Такое начало ему понравилось. Повадился провожать – благо недалеко: жила Нина в одном из деревянных домиков, целой деревней осевших за Балтийским вокзалом. Потом… Что было потом?.. Сессия, какой-то грипп, Тоня. Но сердце, занятое другой, отметило где-то в уголке своей капризной памяти: хорошая девушка Нина. И недаром отметило.

…Давно ли это было?.. Было ли это время счастливым?.. Нет, это было не так давно, и время было не таким счастливым, каким оно вспоминалось в сентябре 1941 года и каким оно кажется иногда в минуту слабости автору, когда все ушло в почти потустороннее далеко.

Не всегда удается переменить, как пластинку на граммофоне, воспоминания. Пойми меня, читатель, искушенный в воспоминаниях, особенно – мастер воспоминаний, эмигрант: студенческие годы, первые влюбленности, и главное – какой бы то ни было мир. Такой забытый и такой недавний мир.

Дмитрий хотел есть. После окопной янтарной чечевицы сидел на студенческом пайке: 200 гр. хлеба и кипяток, иногда с сахаром вприкуску.

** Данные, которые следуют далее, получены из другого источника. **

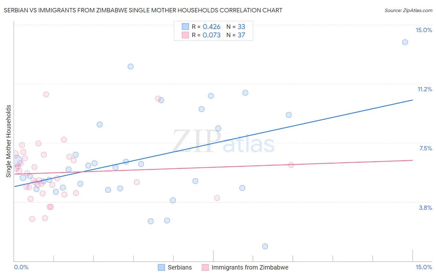 Serbian vs Immigrants from Zimbabwe Single Mother Households Correlation Chart
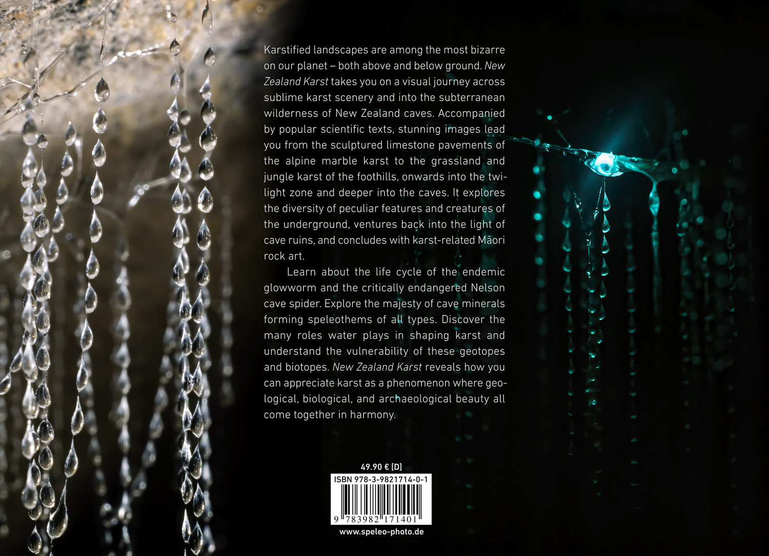 Learn about the life cycle of the endemic glowworm and the critically endangered Nelson cave spider. Explore the majesty of cave minerals forming speleothems of all types. Discover the many roles water plays in shaping karst and understand the vulnerability of these geotopes and biotopes. New Zealand Karst reveals how you can appreciate karst as a phenomenon where geological, biological, and archaeological beauty all come together in harmony.“

Кусочки сахара стали разменной монетой. Жиров и мяса на месячных карточках теперь, если даже не есть вволю, хватало на одну неделю – не больше.

Все чаще и чаще хотелось есть неожиданно, рефлективно: идешь по улице, увидишь булочную с круглыми желтыми, как сдобный хлеб, буквами на вывеске – как не зайти?

Месяц только начался, а талонов на карточке у Дмитрия оставалось немного, она была уже «куцая» – не везде по ней дадут хлеба: забирать на много дней вперед запрещалось.

Но все же он решил рискнуть. В булочной на проспекте Майорова (б. Измайловский) было две очереди – к двум весам. Опытным взглядом оценил продавщиц – какая добрее. Определенно – блондинка. Но… неужели она? Да, это была Нина! Вот, если она улыбнется – и на щечках появятся ямочки, когда-то сводившие студентов с ума. «Воронки от поцелуев» – назывались эти ямочки. Но Нина не улыбнулась. Она работала механически, не глядя на покупателей. Какие теперь покупатели? Просители… Дмитрию показалось, что и он сказал просительно-виновато:

– Здравствуй Нина. Вот неожиданная встреча. Можно получить хлеб на после?

Золотистые ресницы ее вздрогнули.

– Митя, – спросила она тихо, грустно. – Откуда?

– С окопов. Так можно аж на после-после завтра?

– Конечно. И подожди меня, если есть время. Я быстро кончу свой хлеб и выйду.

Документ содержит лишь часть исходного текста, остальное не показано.